E, claro, tem a "criança mágica". Além do pesquisador (e do professor, mas só nas primeiras páginas), e dos personagens que conhecemos através das gravações (mortos faz muito tempo), só há um outro: uma misteriosa criança que vive nas carcaças das naves, sem nem precisar de oxigênio e comida (ou a devida pressão atmosférica). Você acostuma-se a ela, mas na hora, como eu estava interessado mais na parte de pesquisa histórica/linguística (e detetivesca) da trama, ter uma criança alienígena de olhos verdes voando em volta do personagem deu um certo choque e uma incomodada.

Perdeu um pouco do charme, mas ainda foi um livro cuja premissa inicial foi interessante o suficiente para prender a atenção (com ou sem criança, e apesar da capa horrenda). Há também alguns tons religiosos na história, mas nada que chame a atenção se você não estiver preocupado com isso.
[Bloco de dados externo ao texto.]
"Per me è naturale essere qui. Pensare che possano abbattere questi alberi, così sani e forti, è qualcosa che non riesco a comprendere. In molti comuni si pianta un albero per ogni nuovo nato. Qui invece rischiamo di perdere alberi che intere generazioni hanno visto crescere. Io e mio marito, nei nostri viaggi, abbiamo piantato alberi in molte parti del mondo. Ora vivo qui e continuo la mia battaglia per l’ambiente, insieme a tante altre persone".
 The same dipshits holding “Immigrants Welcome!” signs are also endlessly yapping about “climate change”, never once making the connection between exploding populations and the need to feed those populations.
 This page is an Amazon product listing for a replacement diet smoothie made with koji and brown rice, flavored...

E um detalhe bobo, rapidamente citado no texto, mas achei uma tecnologia interessante no universo do livro. O protagonista, para não perder muito tempo na pesquisa que ele achava que seria desinteressante, utiliza um recurso de ajuste temporal: ele passará uma semana pesquisando o povo, mas apenas 24 horas passarão para as outras pessoas. Não lembro agora se isso significava uma viagem no tempo ou se ele estaria "acelerado", mas chamou a atenção.
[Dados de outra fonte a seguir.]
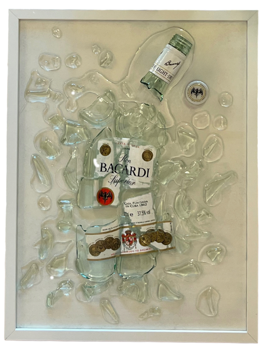 „Shattered Bat“ verbindet Eleganz mit Symbolik. Inspiriert von der ikonischen Fledermaus der Bacardi-Flasche, ist das Werk in schwarzem und weissem Hintergrund erhältlich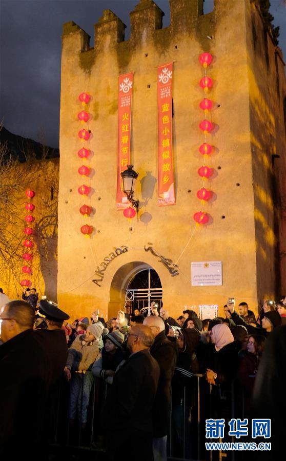 2月1日,民众聚集在摩洛哥“蓝色小镇”舍夫沙万老城中心广场,参加点亮红灯笼的仪式。新华社记者陈斌杰摄

Terminando, três resenhas para vocês. Todas com spoilers.

Republibot.com: The novel is enjoyable, brief, and worth reading, just not as powerful as Delany’s later works.
O legal desta resenha é que o cara também comenta sobre o autor zuando o personagem, dele não ter prestado a devida atenção ao que foi dito a ele naquele momento. Realmente, foi uma passagem divertida. Se isso for uma marca do autor, preciso ler mais Samuel Delany.
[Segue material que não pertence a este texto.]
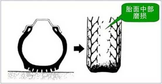 轮胎气压过高,充气过多,轮胎中央鼓起,会造成轮胎中间部位磨损。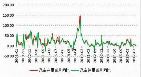 汽车方面,在新能源汽车产销大幅增长的情况下,汽车总产销增速出现明显的回落。中汽协数据显示,2017年11月中国汽车产量同比增速仅为2.3%,而2016年同期高达17.8%,三季度还保持5%以上的增长;与此同时汽车效率在11月同比回落至0.7%,2016年同期高达16.7%。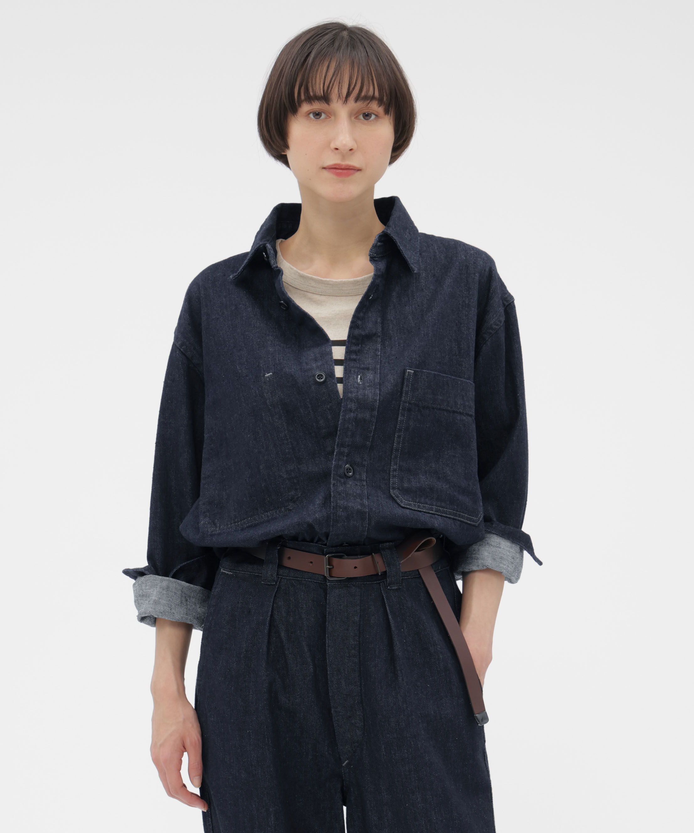 CANTON OVERALLS FOR MHL. のデニムシャツ。旧式の紡績機による不均一なネップ感を再現した、CANTONオリジナルのライトオンスデニム素材(9oz)。履き込むほどに.. |

Omphalos' SF Book Reviews:
My recommendation is that you read every word Delany ever wrote, but if you do decide to pick and choose, this one should be on your list.

For the birds: Delany is a transcendental writer in the best sense of the word.
OBS: achei o texto desta resenha legal, mas note que a frase que virou link nem é sobre o livro em si. Acho que o texto foi escrito por um professor de literatura. É meio viajante. Mas achei interessante, então cá está.


[ATUALIZAÇÃO]: algo que só descobri bem depois de ter lido o livro e feito a postagem, e esqueci de voltar para comentar... O livro existe em português. Saiu pela Edições de Ouro (futura Ediouro) no final dos anos 70, devidamente traduzido - "A Balada de Beta-2". É um daqueles brancos, com FANTASTIC escrito na capa. É tanta coisa na capa que fica complicado dizer qual a série, coleção, ou sei lá. A Traça descreveu como "Coleção: Infinitus - Fantastic, F37 - Categoria Copa, nº 587" e ainda tem um "Alto Nível" escrito no canto... seja lá o que isso for. Quem não sabe inglês, não tem desculpa agora!]